Wednesday, January 28, 2009

Using Social Network Analysis with Version control data

As I mentioned in the last post, am experimenting about using social network analysis (sna) on verision control data. Now with SVNPlot project, I have a way of converting the Subversion logs into sqlite database. It allows me to query the data in many different ways.

I used the Rietveld repository data and did some premilinary analysis. I am not an expert on SNA but Initial results look very interesting and promising. You can see the results on my website

Update : Oscar Castaneda has added SNA data extraction to SVNPlot as part of GSoC 2010 project. He has used these modifications to analyze Apache repositories and reported his findings in ApacheCon. Check the details at
  1. Life After Google Summer of Code by Oscar Castaneda
  2. Oscar's GSoC 2010 proposal 
  3. Details on how to use his contributions in SVNPlot to extract the data.

Sunday, January 18, 2009

Social Network Analysis and Version Control

Recently I came across the concept of Social Network Analysis.

Given below is small introduction of Social Network Analysis is from Orgnet site
Social network analysis [SNA] is the mapping and measuring of relationships and flows between people, groups, organizations, computers, web sites, and other information/knowledge processing entities. The nodes in the network are the people and groups while the links show relationships or flows between the nodes. SNA provides both a visual and a mathematical analysis of human relationships.
The concept is originated in 'social sciences (socialogy, anthropology)' to study the relationships on communities. Today it is being used in fraud ring detection, identifying leaders in organizational network,analyzing the relience of computer networks and various other ways. The various casestudies from Orgnet site can give you good idea about the possibilities.

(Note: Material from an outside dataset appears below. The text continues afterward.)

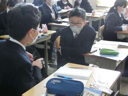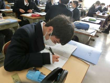 「おうぎ形について知ろう」をテーマに学習が進められていました。円の面積や円周の求め方の復習から始まり、これまで「3.14」で計算してきた円周率も「π(パイ)」で表したものに変わっていくことが伝えられていました。「π」を使った計算に勉強のレベルが上がっている感覚を受けたようで、いつもより意欲的に学習に向かっているように見えました。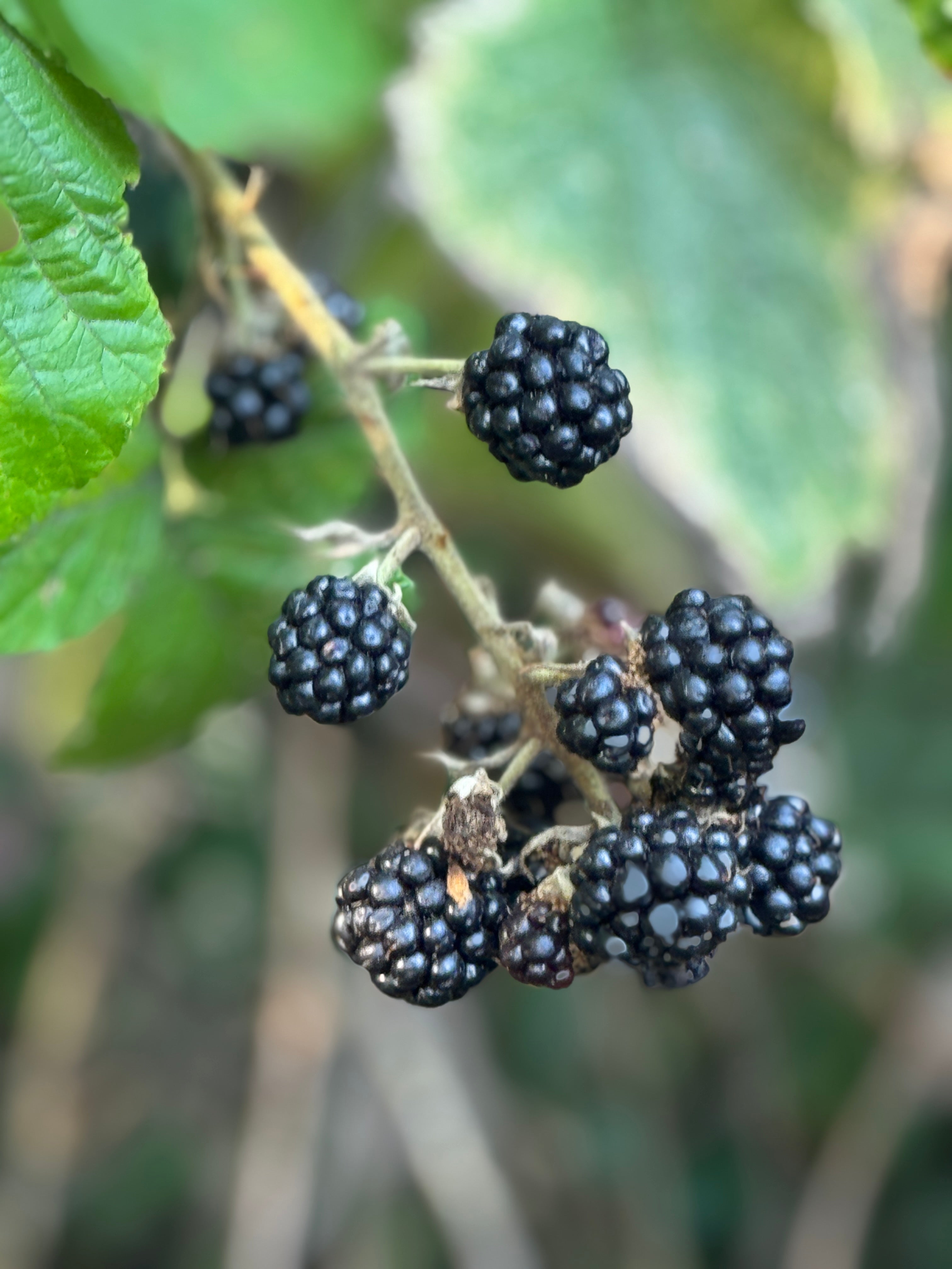 Country walks double in enjoyment when the hedgerows are filled with wild blackberries that are plump and juicy - you can literally gather by the handful. The tell tale is a purple stain round the mouth when you return from dog walking duties. Blackberries have to be our August/September champion to use in both savoury and sweet cooking, or freeze as a treat for the leaner winter months.

I started thinking about applying SNA for version control history with files and authors as nodes. There is some research going on in this area in universities. References below have few links. Google search with "data mining version control" will give you additional links

With SVNPlot, now I have a way of converting Subversion logs into an SQLite database. Also Python have some excellent libraries for Network analysis. I am using NetworkX for analysis and Matplotlib for visualization. I think such analysis will be useful in
  1. In indentifying the key developers and their specific areas in the project.
  2. Key files (files which are involved in the code changes more frequently than others)
  3. Identify the clusters of related files (across directories and modules)
I think the results will be useful to software development companies as well especially for getting advance warning for problems and especially big projects in indentifying critical developers, planning the technology transfer during movement from people from one project to another etc. I see many exciting possibilities.

The initial results are interesting. I will put up the charts/analysis etc on my site in a few days time.

References and Interesting Articles/Links
  1. Introduction to Social Network Analysis (from
  2. Casestudies of Social Network Analysis (from
  3. Wikipedia page on Social Networks (Check the history of Social Network Analysis)
  4. Social Life of Routers (Computer networks as social networks)
  5. Finding Go-to People and Subject Matter Experts in Organization
  6. Predicting Defects using Network Analysis on Dependency Graphs – ICSE 2008
  7. Mining Software Archives (a special issue of IEEE magazine)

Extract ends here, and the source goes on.